Excerpts from a dataset
——

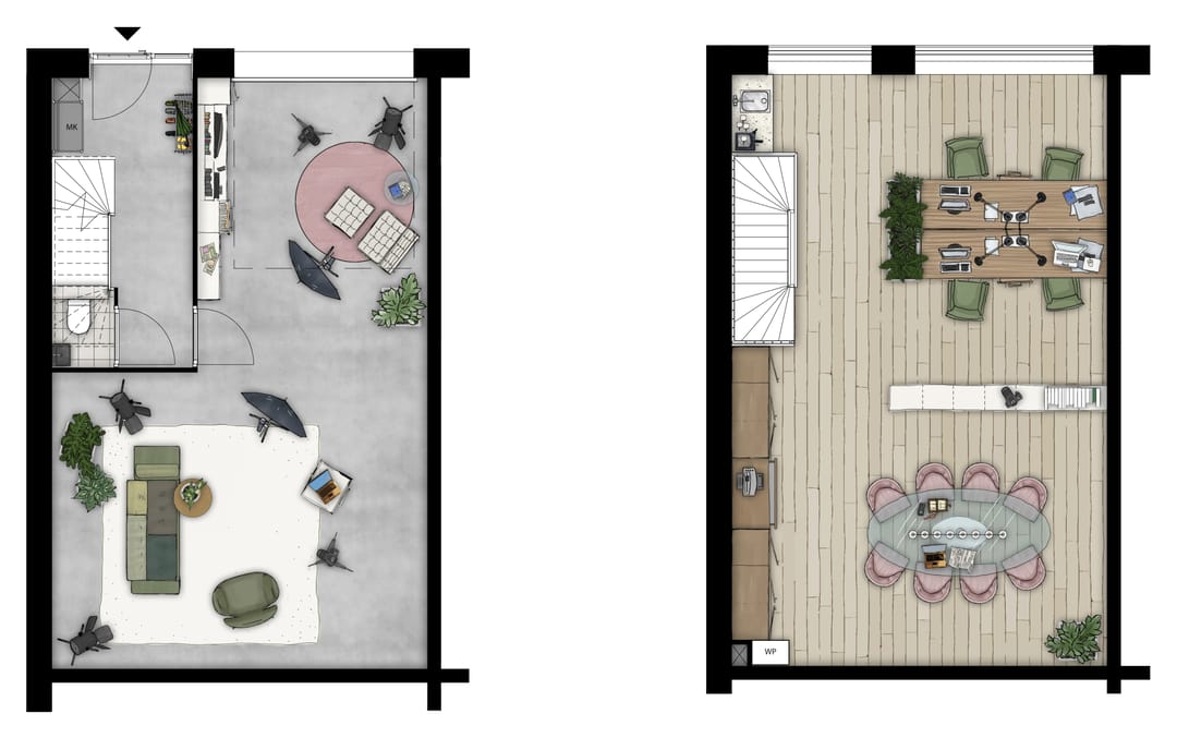 Natuurlijk ben je helemaal vrij om -binnen de kaders van het vigerende bestemmingsplan- je unit naar eigen wens in te delen en af te werken.
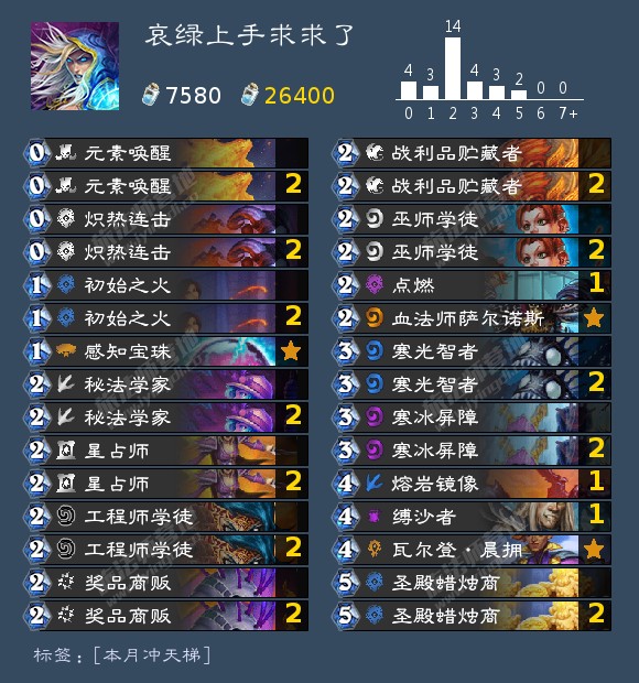 可替换卡位:血法师(穷逼可以不用,但这个真心好用),魔杖窃贼,感知宝珠(绝对的舒服好用),晨拥(随从冰环,第三个冰箱)
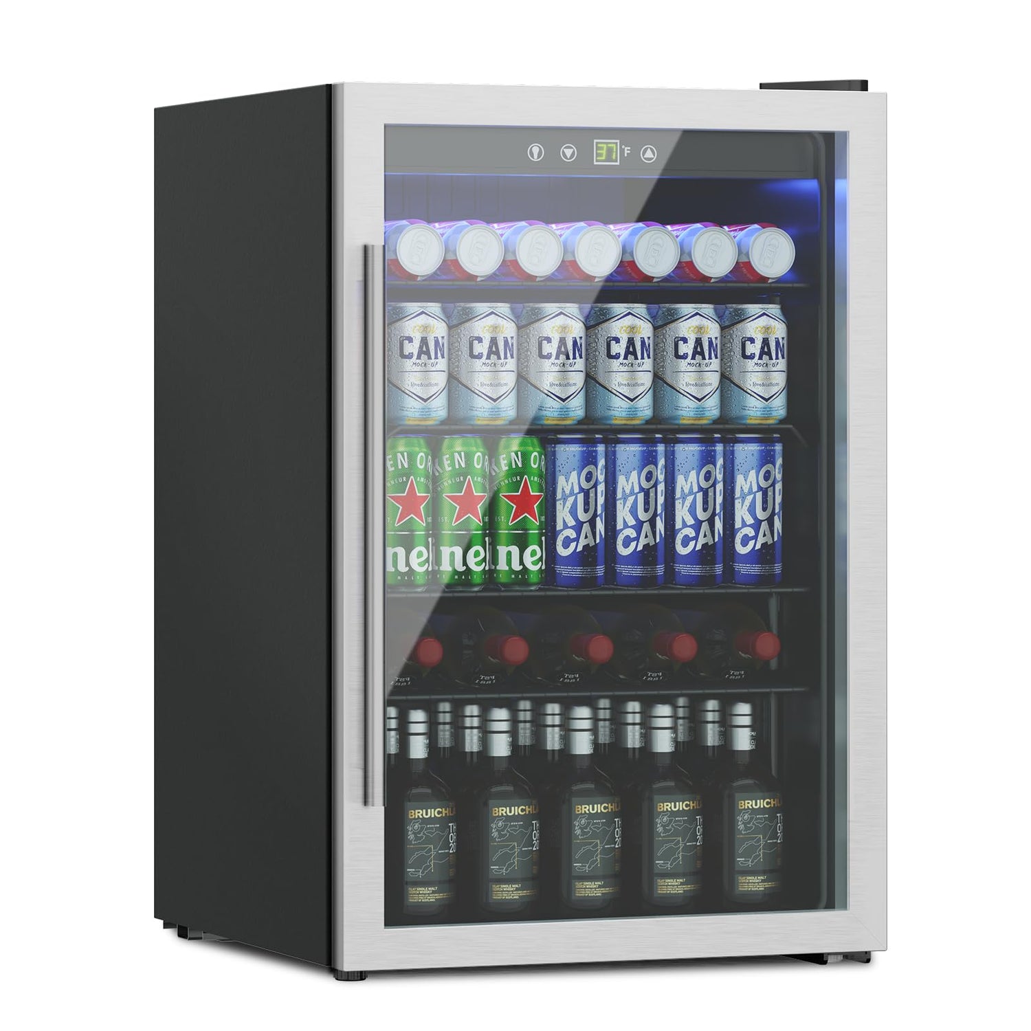 • Keep your favorite drinks perfectly chilled with the Erivess Beverage Refrigerator and Cooler. This 4.5 cubic feet, free standing beverage refrigerator features an elegant see-through, left-hinge glass front door with a stainless steel frame that allows you to view your wine, beer, or soda at a glance.
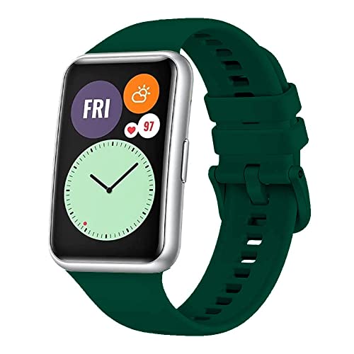 MARGOUN - MARGOUN Compatible with HUAWEI WATCH FIT 2 Strap, Adjustable Silicone Sport Watch Bands Replacement Wristband Men Women (dark green), 18CM, Silicone
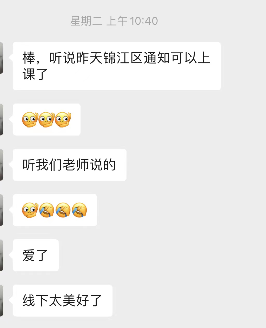 “同學(xué)們,明天我們就能到線下上課了喲~”聽(tīng)到這個(gè)消息后,同學(xué)們立馬在學(xué)習(xí)群里“炸了鍋”,開(kāi)心的心情溢于言表。(最近收到很多同學(xué)的私信,都表示想回到我們的文明課堂,也懷念線下上課時(shí),與老師同學(xué)相處的美好時(shí)光,其實(shí)老師心里覺(jué)得超感動(dòng)的啦~
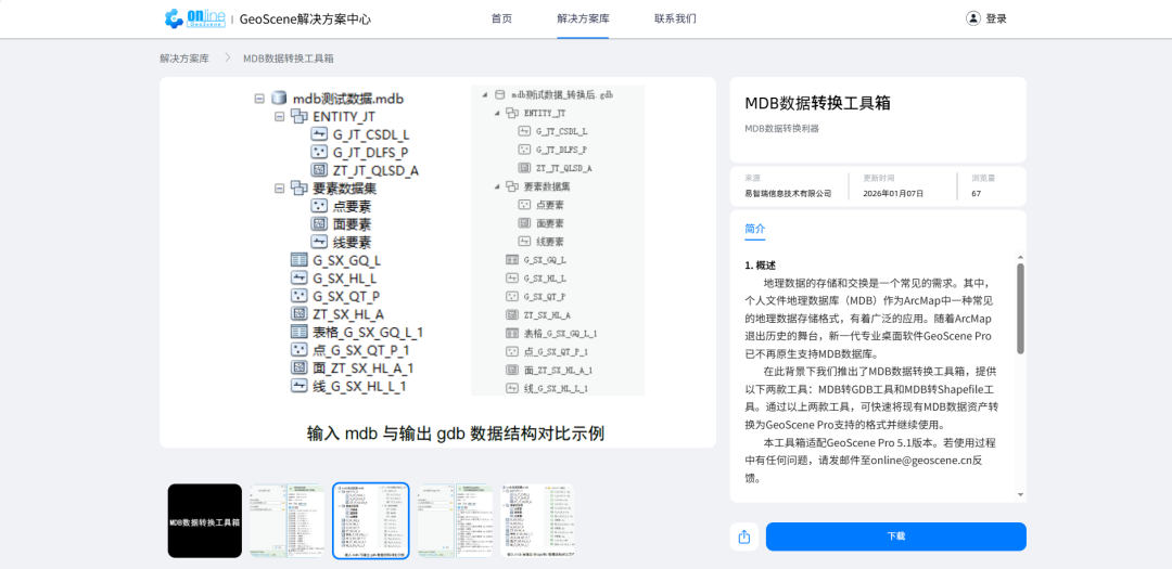 在此背景下我们推出了MDB数据转换工具箱,可快速将现有MDB数据资产转换为GeoScene Pro支持的格式并继续使用。
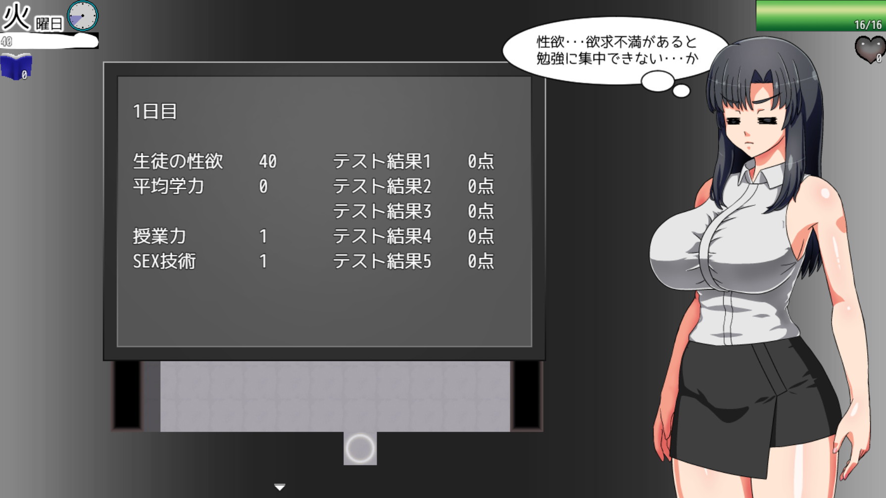 どうも生徒たちには「性欲」「学力」値が存在、先生の方には「SEX力」「授業力」があって、30日間で学力100を目指すゲームだ……とやりたい方向は分かるんですが、その解決として、サクッとSEXするのはどう……かな(前任の先生もそれでダメだったのでは?)
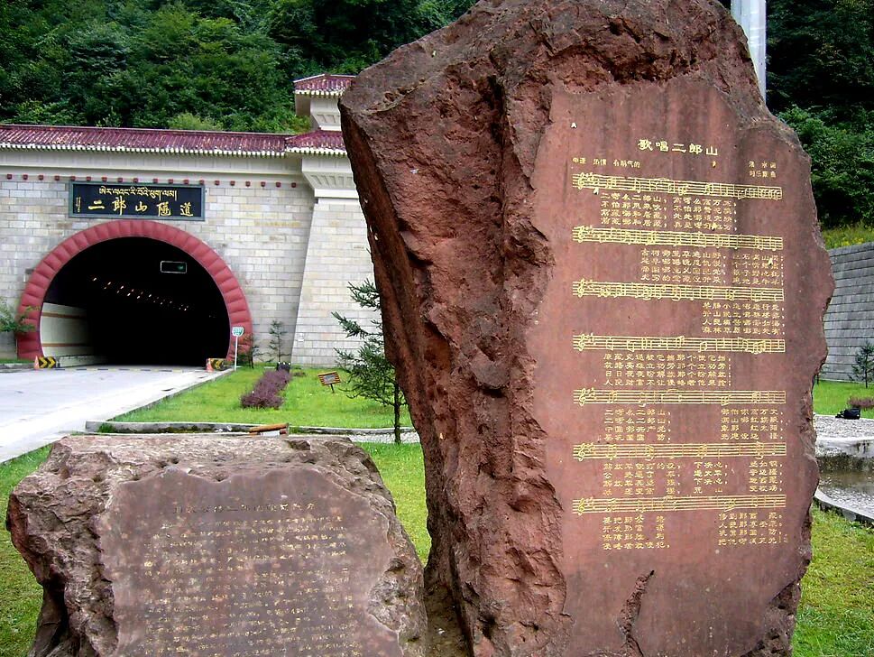 顺着二郎山入口新沟乡一直沿318公路直奔二郎山。雅康高速通车以后,318线就被冷落了,偶尔有稀疏的跑短途的车辆从这里经过。山路蜿蜒,车速缓慢,五十多公里路跑了一个多小时。终于見到二郎山隧道的洞口了!这个隧道长9176米,是当年全国隧道之最。海拨从4000多米降到了2800米,有了这条隧道,车辆再也不用在盘山公路上慢悠悠的行驶了,公路里程一下缩短了五十多公里。洞口外坝子耸立着一块铜牌,上面镌刻着《歌唱二郎山》。这首由洛水作词,时乐濛作曲的经典歌曲,唱响在上世纪五十年代初。歌词以修筑川藏公路为背景,歌颂解放军筑路英雄的艰苦奋斗不怕牺牲的奉献精神。歌曲获得一九五二年全军文艺创作奖。
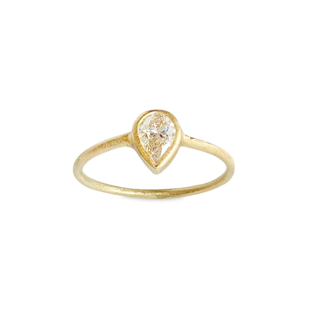 טבעת סוליטר דקה עם יהלום בצורת טיפה בתוך מסגרת מוזהבת
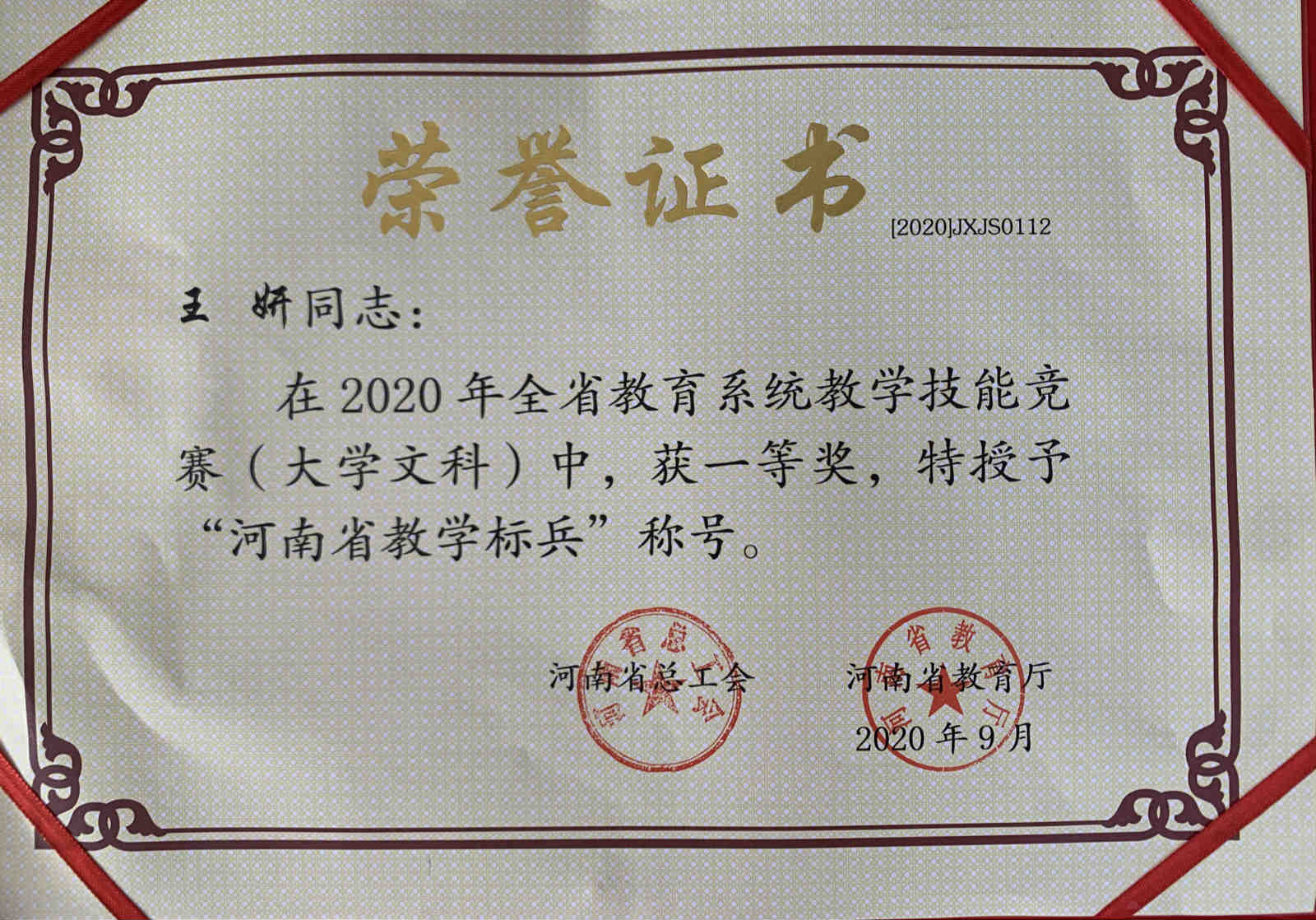 教师王妍从全省100多所院校,1648名参赛选手中脱颖而,荣获大学文科组一等奖,并被授予“河南省教学标兵”荣誉称号和奖章。
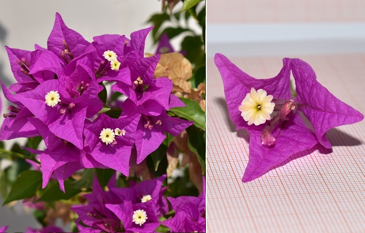 Simmetria pentagonale con petali larghi e dalle unghie sottili, numerosi stami e alto pistillo al centro. L’arbusto fiorisce abbondantemente appena dopo l’amolo.
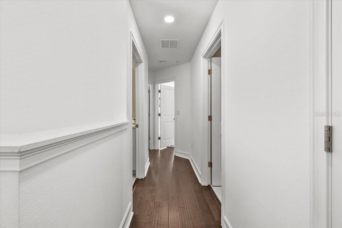 The open concept kitchen, dining, and living areas make entertaining effortless, while upstairs bedrooms feature spacious walk-in closets and a dedicated laundry suite for convenience. Bathrooms throughout the home have been transformed into design statements—each with its own personality, from sophisticated textures to rainforest-inspired wallpaper.

——

§ **Assignment**:
Set down every line above exactly, pictures excluded.

§ **Answer section**:
 Natuurlijk ben je helemaal vrij om -binnen de kaders van het vigerende bestemmingsplan- je unit naar eigen wens in te delen en af te werken.
 可替换卡位:血法师(穷逼可以不用,但这个真心好用),魔杖窃贼,感知宝珠(绝对的舒服好用),晨拥(随从冰环,第三个冰箱)
 • Keep your favorite drinks perfectly chilled with the Erivess Beverage Refrigerator and Cooler. This 4.5 cubic feet, free standing beverage refrigerator features an elegant see-through, left-hinge glass front door with a stainless steel frame that allows you to view your wine, beer, or soda at a glance.
 MARGOUN - MARGOUN Compatible with HUAWEI WATCH FIT 2 Strap, Adjustable Silicone Sport Watch Bands Replacement Wristband Men Women (dark green), 18CM, Silicone
 “同學(xué)們,明天我們就能到線下上課了喲~”聽(tīng)到這個(gè)消息后,同學(xué)們立馬在學(xué)習(xí)群里“炸了鍋”,開(kāi)心的心情溢于言表。(最近收到很多同學(xué)的私信,都表示想回到我們的文明課堂,也懷念線下上課時(shí),與老師同學(xué)相處的美好時(shí)光,其實(shí)老師心里覺(jué)得超感動(dòng)的啦~
 在此背景下我们推出了MDB数据转换工具箱,可快速将现有MDB数据资产转换为GeoScene Pro支持的格式并继续使用。
 どうも生徒たちには「性欲」「学力」値が存在、先生の方には「SEX力」「授業力」があって、30日間で学力100を目指すゲームだ……とやりたい方向は分かるんですが、その解決として、サクッとSEXするのはどう……かな(前任の先生もそれでダメだったのでは?)
 顺着二郎山入口新沟乡一直沿318公路直奔二郎山。雅康高速通车以后,318线就被冷落了,偶尔有稀疏的跑短途的车辆从这里经过。山路蜿蜒,车速缓慢,五十多公里路跑了一个多小时。终于見到二郎山隧道的洞口了!这个隧道长9176米,是当年全国隧道之最。海拨从4000多米降到了2800米,有了这条隧道,车辆再也不用在盘山公路上慢悠悠的行驶了,公路里程一下缩短了五十多公里。洞口外坝子耸立着一块铜牌,上面镌刻着《歌唱二郎山》。这首由洛水作词,时乐濛作曲的经典歌曲,唱响在上世纪五十年代初。歌词以修筑川藏公路为背景,歌颂解放军筑路英雄的艰苦奋斗不怕牺牲的奉献精神。歌曲获得一九五二年全军文艺创作奖。
 טבעת סוליטר דקה עם יהלום בצורת טיפה בתוך מסגרת מוזהבת
 教师王妍从全省100多所院校,1648名参赛选手中脱颖而,荣获大学文科组一等奖,并被授予“河南省教学标兵”荣誉称号和奖章。
 Simmetria pentagonale con petali larghi e dalle unghie sottili, numerosi stami e alto pistillo al centro. L’arbusto fiorisce abbondantemente appena dopo l’amolo.
 The open concept kitchen, dining, and living areas make entertaining effortless, while upstairs bedrooms feature spacious walk-in closets and a dedicated laundry suite for convenience. Bathrooms throughout the home have been transformed into design statements—each with its own personality, from sophisticated textures to rainforest-inspired wallpaper.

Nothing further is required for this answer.